How do you get inspiration for or try to learn about plotting?


This weekend I’m spending time with my mum and cats; there will be some time for writing amidst a choir concert, shopping and most likely a bottle of wine.

Have a good weekend!

4 responses to “Plot-Seeking in Favourite Films

  1. Absolutely: reading novels and watching movies and TV is the best way to learn about plotting, what works and what doesn’t. I find myself analysing everything I read / watch but it’s all educational and I’ve learnt loads that way!

    • It can be really helpful, can’t it?
      I particularly notice the difference between adult / children focused stories, generally based on the inclusion of more info-dumps.

  2. Myself I just love to read and see how the book made me feel at the end. What stood out and made a lasting affect on me. To me, good writing is when the reader is so lost in the book you only see, and hear the story not the technique. If I read a book and see or hear the author then I don’t want to copy them.
    Once you know the basic rules ie. grammar, spelling etc. just write and hear your own voice. Don’t worry too much about golden rules because there isn’t any.

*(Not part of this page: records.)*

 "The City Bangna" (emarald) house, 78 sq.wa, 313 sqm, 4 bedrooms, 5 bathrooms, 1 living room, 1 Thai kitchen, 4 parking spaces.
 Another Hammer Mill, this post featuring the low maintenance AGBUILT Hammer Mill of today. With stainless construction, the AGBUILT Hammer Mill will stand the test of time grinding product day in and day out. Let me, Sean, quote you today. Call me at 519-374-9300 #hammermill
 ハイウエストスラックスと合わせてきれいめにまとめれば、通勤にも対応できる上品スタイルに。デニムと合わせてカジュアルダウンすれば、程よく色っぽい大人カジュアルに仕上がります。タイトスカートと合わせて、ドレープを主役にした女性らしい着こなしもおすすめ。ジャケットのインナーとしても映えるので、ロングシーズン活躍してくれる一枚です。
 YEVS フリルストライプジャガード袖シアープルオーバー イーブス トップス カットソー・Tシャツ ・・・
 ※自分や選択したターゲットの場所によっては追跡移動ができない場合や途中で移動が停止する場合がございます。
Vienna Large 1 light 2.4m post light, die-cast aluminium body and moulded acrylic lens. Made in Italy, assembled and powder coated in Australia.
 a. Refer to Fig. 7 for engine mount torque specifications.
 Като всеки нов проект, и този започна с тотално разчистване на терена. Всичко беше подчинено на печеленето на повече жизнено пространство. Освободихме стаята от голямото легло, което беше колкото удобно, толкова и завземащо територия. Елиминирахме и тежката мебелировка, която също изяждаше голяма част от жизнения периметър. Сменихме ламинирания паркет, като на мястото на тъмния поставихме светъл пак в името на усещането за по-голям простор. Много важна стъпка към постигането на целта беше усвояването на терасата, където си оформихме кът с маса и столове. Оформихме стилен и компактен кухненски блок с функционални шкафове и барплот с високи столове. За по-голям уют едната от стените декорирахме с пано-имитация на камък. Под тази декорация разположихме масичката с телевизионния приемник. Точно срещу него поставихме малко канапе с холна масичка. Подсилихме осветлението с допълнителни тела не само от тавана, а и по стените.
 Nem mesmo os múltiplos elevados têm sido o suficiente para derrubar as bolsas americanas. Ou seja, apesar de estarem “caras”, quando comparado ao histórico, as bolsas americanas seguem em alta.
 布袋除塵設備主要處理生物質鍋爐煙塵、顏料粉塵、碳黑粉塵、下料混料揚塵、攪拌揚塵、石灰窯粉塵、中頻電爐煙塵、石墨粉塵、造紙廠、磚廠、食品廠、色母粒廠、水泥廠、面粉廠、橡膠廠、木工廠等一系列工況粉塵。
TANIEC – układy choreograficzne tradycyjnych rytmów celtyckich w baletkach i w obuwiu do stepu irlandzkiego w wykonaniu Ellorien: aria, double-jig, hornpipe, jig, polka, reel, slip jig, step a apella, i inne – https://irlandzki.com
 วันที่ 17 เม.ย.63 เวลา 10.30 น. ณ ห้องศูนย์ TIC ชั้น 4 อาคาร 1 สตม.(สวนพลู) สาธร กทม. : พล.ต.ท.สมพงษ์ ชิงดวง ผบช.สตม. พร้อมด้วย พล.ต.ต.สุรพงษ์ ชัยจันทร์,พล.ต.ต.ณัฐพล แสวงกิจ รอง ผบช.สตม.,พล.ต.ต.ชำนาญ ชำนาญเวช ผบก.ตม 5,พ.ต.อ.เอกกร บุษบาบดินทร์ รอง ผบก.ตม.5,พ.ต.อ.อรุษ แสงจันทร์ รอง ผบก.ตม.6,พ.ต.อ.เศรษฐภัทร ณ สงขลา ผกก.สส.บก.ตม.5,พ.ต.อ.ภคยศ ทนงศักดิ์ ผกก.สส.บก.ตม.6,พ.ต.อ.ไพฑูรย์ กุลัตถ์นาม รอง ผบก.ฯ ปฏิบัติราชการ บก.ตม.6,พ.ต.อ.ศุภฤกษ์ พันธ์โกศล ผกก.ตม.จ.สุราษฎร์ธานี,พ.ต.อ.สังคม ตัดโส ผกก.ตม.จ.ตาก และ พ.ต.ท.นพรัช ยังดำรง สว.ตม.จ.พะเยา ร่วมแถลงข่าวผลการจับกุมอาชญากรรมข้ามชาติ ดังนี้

Just read and write.
    Good luck with your writing and have fun doing it.

    • I certainly have times when I pick up a book just to read; but for me this was more of a “things I’ve read/seen before, now to look at how they did it” experiment.
      I tend to pick books that made me forget it was a book at the time of first reading, because those are the ones I want to learn from.
      How did they keep me reading without noticing that I was turning pages?

      Thanks for commenting.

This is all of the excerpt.